Zoltan Sebescen

Personal information
- Full name: Zoltan Sebescen
- Date of birth: 1 October 1975 (age 50)
- Place of birth: Ehingen, West Germany
- Height: 1.89 m (6 ft 2 in)
- Position(s): Right-back, right winger

Youth career
- 1982–1994: Stuttgarter Kickers

Senior career*
- Years: Team / Apps / (Gls)
- 1994–1999: Stuttgarter Kickers / 72 / (7)
- 1999–2001: VfL Wolfsburg / 40 / (10)
- 2001–2004: Bayer Leverkusen / 32 / (3)
- Total:  / 144 / (20)

International career
- 1999–2000: Germany B / 3 / (1)
- 2000: Germany / 1 / (0)

= Zoltán Sebescen =

German footballer

Zoltan Sebescen (Zoltán Sebestyén, /hu/; born 1 October 1975) is a German former professional footballer who played as a right-back or right-winger.

==Club career==
Sebescen was born in Ehingen. He started his career at Stuttgarter Kickers, where he played at a senior level from 1994, in the Regionalliga Süd, and from, in 1996 the 2. Bundesliga. In 1999, he transferred to Bundesliga side VfL Wolfsburg and then in 2001 to Bayer Leverkusen. With Bayer, Sebescen played in the 2002 UEFA Champions League Final, losing to Real Madrid.
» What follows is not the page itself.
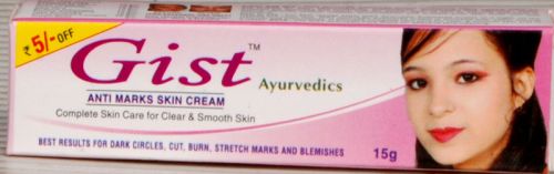 We are a well-known Gist Anti Marks Cream Manufacturer and Supplier in India. Our Gist Anti Marks Cream is an anti-marks Ayurvedic cream for all skin types. Gist Anti Marks Cream helps in removing skin marks like under eye dark circles, pregnancy stretches, scars, wrinkles, pimples, and burn marks. Gist Anti Marks Cream provides 100% results with no side effect starting from day one. Gist Anti Marks Cream should be used at night regularly for clear and smooth skin. Effective Against

In 2003, he had to undergo several knee surgeries, due to problems caused by lyme disease. Having not been able to play for years, Sebescen announced his early retirement, aged 29, on 16 August 2005. He had played 72 times in the Bundesliga, scoring 13 times, and 52 times in the 2. Bundesliga, scoring 5 times.

==International career==
Sebescen became the first VfL Wolfsburg player to earn a cap for the Germany national football team when he played in a friendly against the Netherlands in Amsterdam in February 2000. Being placed in an unaccustomed right-back position, he produced a dismal performance against Dutch winger Boudewijn Zenden and was substituted at half-time. He subsequently was not called up again.

==Coaching career==
In July 2007, he started working as youth coordinator for his first club, Stuttgarter Kickers.

==Personal life==
He is of Hungarian descent.

On 31 October 2019, 44-year-old Sebescen returned to the pitch, signing for German amateur club TV Unterboihingen. Since his retirement in 2005, Sebescen had only played old-boys football, among others for his former club Bayer Leverkusen. Sebescen had worked together with Unterboihingen's manager Daniel Zeller's brother, Philipp, at the sporting goods company Decathlon. Sebescen got his debut for Unterboihingen on 1 December 2019.